§ What is required: All entries are to be copied exactly, with pictures removed.

§ Records provided:
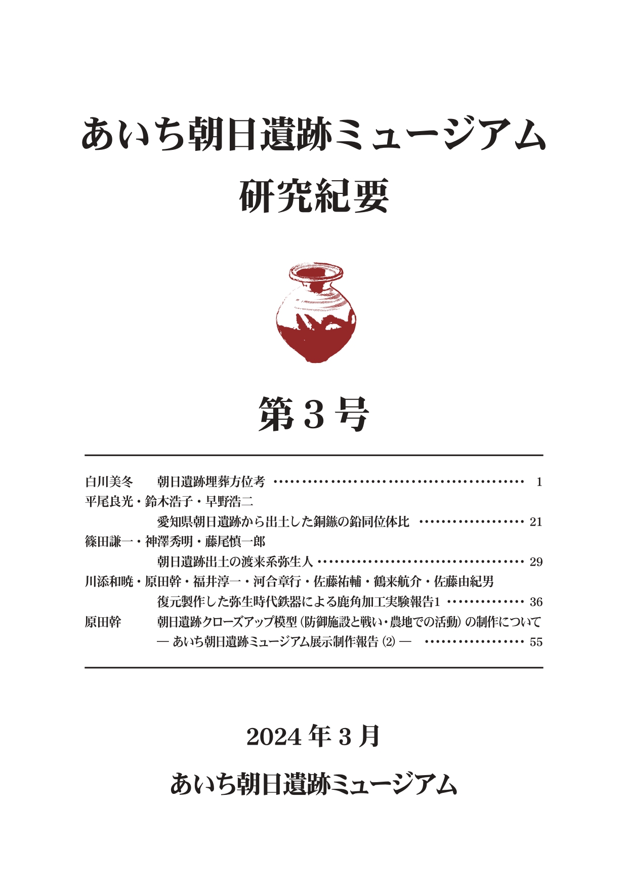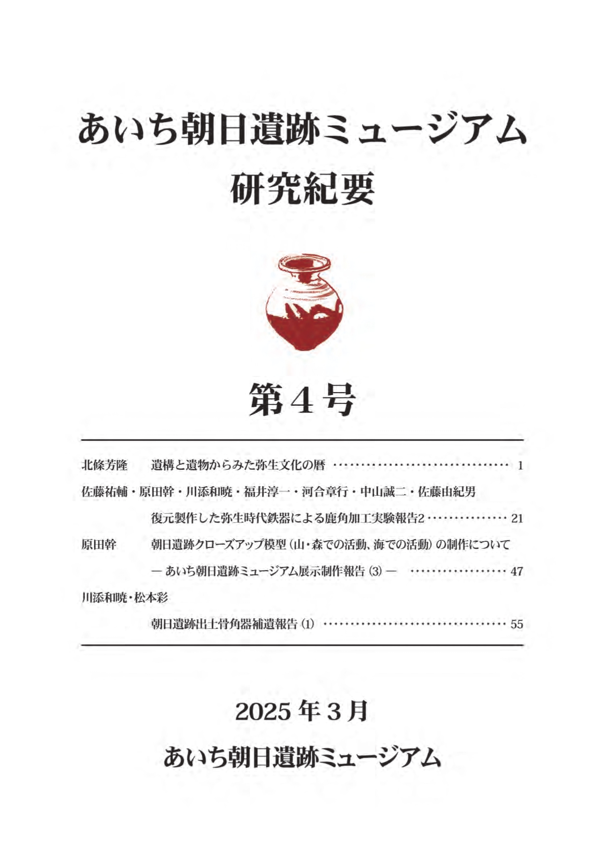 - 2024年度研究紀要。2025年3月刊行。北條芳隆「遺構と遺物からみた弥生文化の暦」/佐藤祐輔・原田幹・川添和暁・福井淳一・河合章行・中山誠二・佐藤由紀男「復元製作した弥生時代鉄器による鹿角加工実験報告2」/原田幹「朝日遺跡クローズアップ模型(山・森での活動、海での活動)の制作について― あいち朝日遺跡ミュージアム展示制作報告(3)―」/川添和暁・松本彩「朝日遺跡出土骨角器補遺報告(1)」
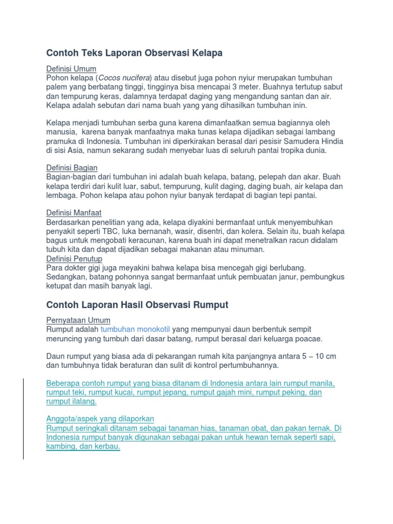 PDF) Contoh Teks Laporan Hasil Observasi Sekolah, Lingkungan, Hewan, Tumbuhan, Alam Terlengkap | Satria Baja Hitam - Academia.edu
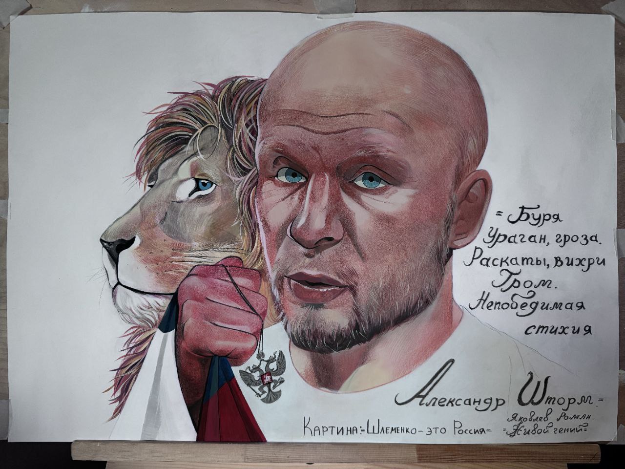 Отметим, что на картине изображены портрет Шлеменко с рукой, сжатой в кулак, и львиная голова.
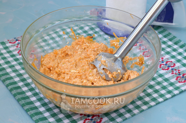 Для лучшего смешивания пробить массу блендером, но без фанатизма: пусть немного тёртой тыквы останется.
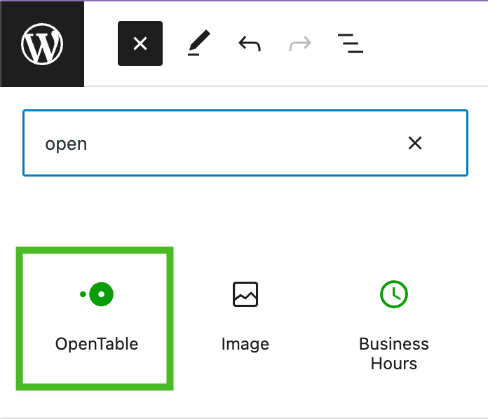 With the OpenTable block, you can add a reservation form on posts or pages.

§ Task output:
 - 2024年度研究紀要。2025年3月刊行。北條芳隆「遺構と遺物からみた弥生文化の暦」/佐藤祐輔・原田幹・川添和暁・福井淳一・河合章行・中山誠二・佐藤由紀男「復元製作した弥生時代鉄器による鹿角加工実験報告2」/原田幹「朝日遺跡クローズアップ模型(山・森での活動、海での活動)の制作について― あいち朝日遺跡ミュージアム展示制作報告(3)―」/川添和暁・松本彩「朝日遺跡出土骨角器補遺報告(1)」
 PDF) Contoh Teks Laporan Hasil Observasi Sekolah, Lingkungan, Hewan, Tumbuhan, Alam Terlengkap | Satria Baja Hitam - Academia.edu
 Отметим, что на картине изображены портрет Шлеменко с рукой, сжатой в кулак, и львиная голова.
 Для лучшего смешивания пробить массу блендером, но без фанатизма: пусть немного тёртой тыквы останется.
 With the OpenTable block, you can add a reservation form on posts or pages.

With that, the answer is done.